**Task to carry out:**
Using the listing below, select the lines with the word "light" and copy them.

**Excerpted records:**
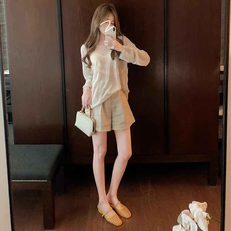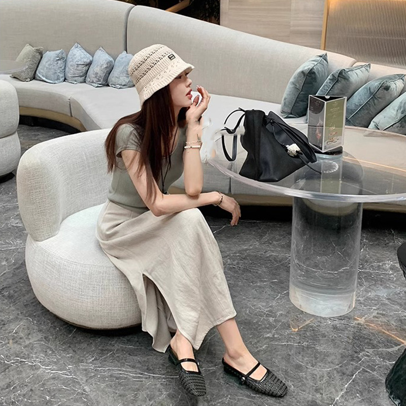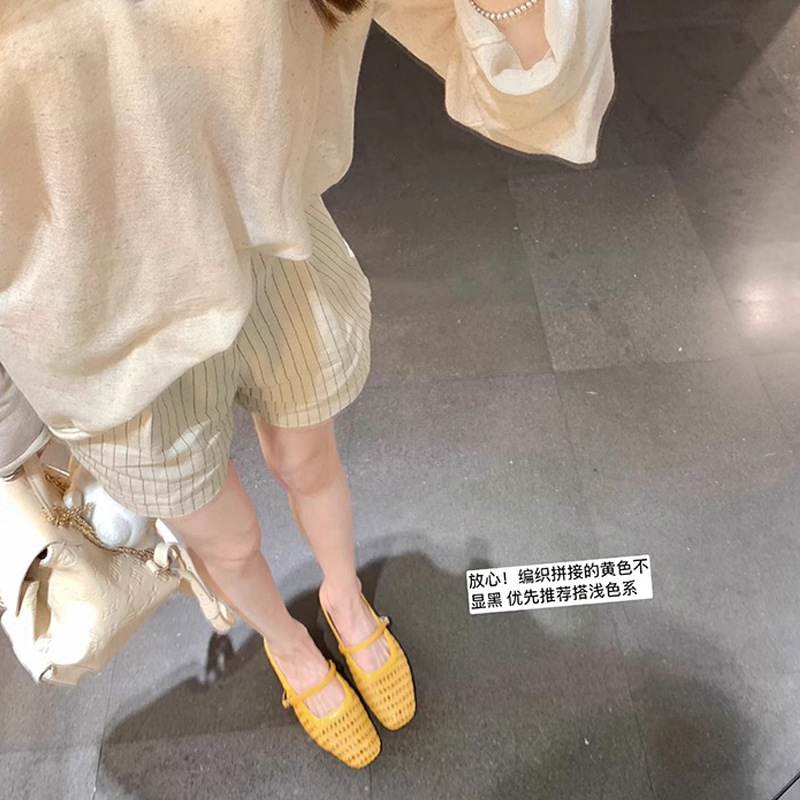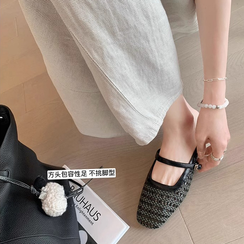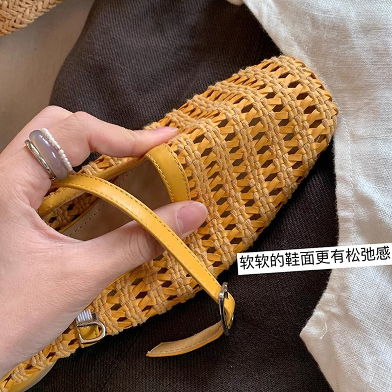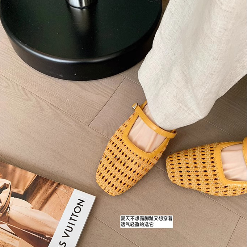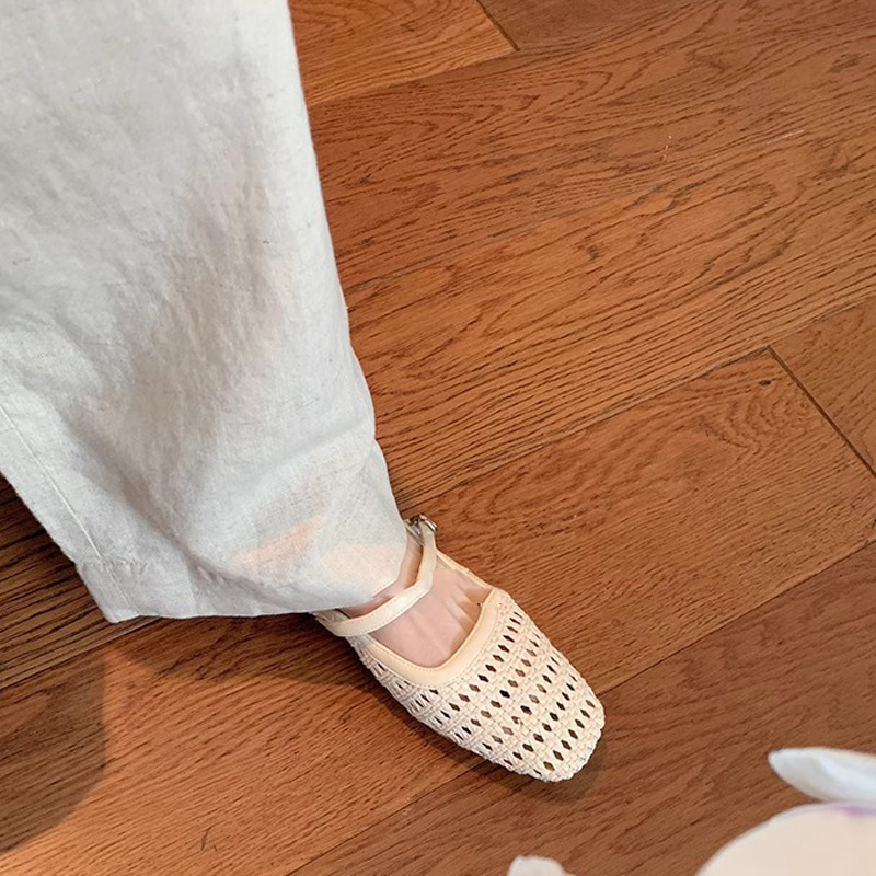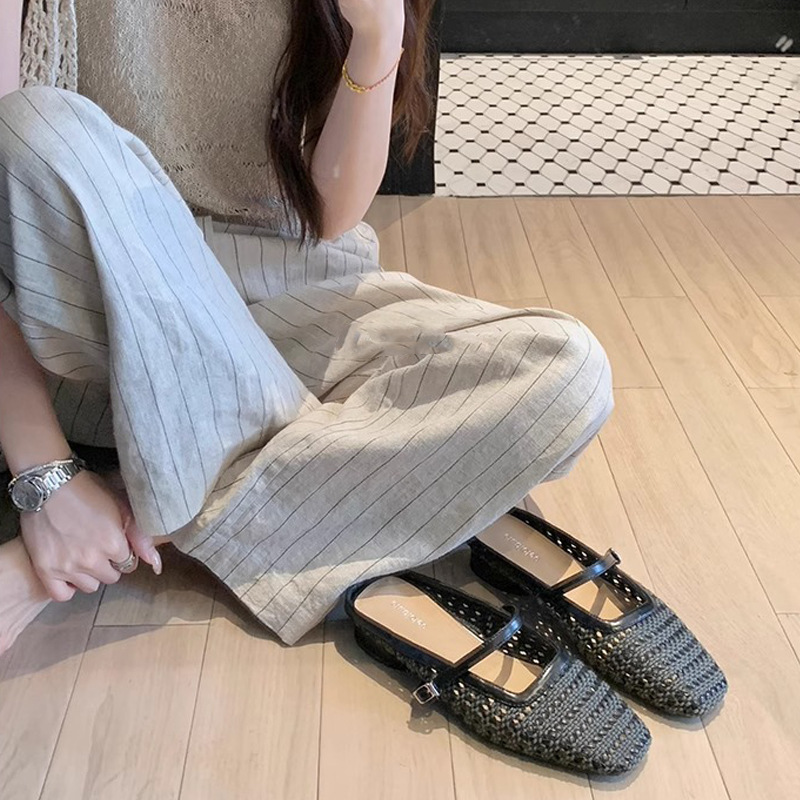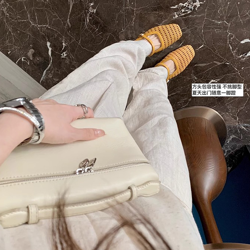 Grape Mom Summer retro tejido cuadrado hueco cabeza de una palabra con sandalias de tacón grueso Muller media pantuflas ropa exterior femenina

--

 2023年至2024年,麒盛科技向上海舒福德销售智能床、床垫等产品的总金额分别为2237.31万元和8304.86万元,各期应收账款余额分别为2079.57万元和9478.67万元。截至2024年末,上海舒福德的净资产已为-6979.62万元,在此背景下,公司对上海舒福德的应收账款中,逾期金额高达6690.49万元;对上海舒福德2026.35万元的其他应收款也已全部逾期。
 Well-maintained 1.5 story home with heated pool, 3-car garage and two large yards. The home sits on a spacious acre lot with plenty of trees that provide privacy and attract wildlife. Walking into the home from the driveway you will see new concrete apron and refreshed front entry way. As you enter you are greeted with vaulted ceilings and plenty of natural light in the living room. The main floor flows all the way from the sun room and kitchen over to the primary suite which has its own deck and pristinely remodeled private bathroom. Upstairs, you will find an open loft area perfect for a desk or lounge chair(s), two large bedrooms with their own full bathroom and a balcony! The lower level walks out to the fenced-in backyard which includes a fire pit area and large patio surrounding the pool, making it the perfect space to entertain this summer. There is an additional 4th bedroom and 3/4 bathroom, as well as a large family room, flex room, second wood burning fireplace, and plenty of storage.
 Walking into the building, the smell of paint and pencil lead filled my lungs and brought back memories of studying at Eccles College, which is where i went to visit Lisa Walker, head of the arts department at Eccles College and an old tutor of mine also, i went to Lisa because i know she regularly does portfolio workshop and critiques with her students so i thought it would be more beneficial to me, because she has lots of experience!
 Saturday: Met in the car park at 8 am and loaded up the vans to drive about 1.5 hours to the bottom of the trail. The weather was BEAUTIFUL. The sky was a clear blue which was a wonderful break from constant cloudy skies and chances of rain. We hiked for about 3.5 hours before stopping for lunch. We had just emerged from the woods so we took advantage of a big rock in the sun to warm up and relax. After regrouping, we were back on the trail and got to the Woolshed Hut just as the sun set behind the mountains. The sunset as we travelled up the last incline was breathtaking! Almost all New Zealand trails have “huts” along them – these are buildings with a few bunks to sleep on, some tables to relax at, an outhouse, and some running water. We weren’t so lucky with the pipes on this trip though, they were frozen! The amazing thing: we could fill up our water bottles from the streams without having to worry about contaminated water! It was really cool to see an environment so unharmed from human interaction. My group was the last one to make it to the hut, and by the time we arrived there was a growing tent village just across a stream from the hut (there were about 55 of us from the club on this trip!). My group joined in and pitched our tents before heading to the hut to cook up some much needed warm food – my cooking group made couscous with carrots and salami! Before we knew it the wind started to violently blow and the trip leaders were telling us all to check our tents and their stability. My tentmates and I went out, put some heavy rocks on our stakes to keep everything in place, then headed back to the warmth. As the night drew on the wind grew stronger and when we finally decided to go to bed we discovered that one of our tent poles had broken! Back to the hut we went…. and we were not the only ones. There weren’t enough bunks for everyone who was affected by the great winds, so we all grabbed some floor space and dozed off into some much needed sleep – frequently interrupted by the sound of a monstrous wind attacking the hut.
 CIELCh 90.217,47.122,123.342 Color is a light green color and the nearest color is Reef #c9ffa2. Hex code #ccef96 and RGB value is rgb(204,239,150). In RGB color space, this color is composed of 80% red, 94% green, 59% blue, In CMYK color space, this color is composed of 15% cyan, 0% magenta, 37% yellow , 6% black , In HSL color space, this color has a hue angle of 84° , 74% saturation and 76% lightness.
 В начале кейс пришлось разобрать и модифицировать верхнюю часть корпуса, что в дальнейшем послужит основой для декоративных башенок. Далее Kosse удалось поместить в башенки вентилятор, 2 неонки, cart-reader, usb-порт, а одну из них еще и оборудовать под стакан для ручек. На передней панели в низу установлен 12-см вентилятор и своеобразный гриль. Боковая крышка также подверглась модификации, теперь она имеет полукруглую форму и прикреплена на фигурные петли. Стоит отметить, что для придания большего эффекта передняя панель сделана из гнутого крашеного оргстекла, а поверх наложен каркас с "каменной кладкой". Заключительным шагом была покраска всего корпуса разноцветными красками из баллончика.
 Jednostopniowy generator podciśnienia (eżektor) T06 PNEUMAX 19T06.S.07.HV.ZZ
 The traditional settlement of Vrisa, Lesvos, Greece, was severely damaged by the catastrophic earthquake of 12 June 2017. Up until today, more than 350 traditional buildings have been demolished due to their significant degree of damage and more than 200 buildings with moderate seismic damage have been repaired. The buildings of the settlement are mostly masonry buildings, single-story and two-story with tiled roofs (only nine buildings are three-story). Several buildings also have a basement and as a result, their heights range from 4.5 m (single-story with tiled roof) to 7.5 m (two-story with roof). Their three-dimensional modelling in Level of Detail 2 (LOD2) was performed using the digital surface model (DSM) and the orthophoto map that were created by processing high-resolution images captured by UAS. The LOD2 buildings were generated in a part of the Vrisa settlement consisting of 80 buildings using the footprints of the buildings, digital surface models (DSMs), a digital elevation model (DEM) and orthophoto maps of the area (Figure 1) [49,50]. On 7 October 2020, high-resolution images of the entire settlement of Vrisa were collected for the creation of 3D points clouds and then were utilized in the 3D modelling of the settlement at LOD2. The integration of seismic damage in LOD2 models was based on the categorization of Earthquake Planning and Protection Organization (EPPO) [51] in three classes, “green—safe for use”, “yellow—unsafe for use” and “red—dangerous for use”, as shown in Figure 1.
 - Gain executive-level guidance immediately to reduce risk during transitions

**Answer to this task:**
 Well-maintained 1.5 story home with heated pool, 3-car garage and two large yards. The home sits on a spacious acre lot with plenty of trees that provide privacy and attract wildlife. Walking into the home from the driveway you will see new concrete apron and refreshed front entry way. As you enter you are greeted with vaulted ceilings and plenty of natural light in the living room. The main floor flows all the way from the sun room and kitchen over to the primary suite which has its own deck and pristinely remodeled private bathroom. Upstairs, you will find an open loft area perfect for a desk or lounge chair(s), two large bedrooms with their own full bathroom and a balcony! The lower level walks out to the fenced-in backyard which includes a fire pit area and large patio surrounding the pool, making it the perfect space to entertain this summer. There is an additional 4th bedroom and 3/4 bathroom, as well as a large family room, flex room, second wood burning fireplace, and plenty of storage.
 CIELCh 90.217,47.122,123.342 Color is a light green color and the nearest color is Reef #c9ffa2. Hex code #ccef96 and RGB value is rgb(204,239,150). In RGB color space, this color is composed of 80% red, 94% green, 59% blue, In CMYK color space, this color is composed of 15% cyan, 0% magenta, 37% yellow , 6% black , In HSL color space, this color has a hue angle of 84° , 74% saturation and 76% lightness.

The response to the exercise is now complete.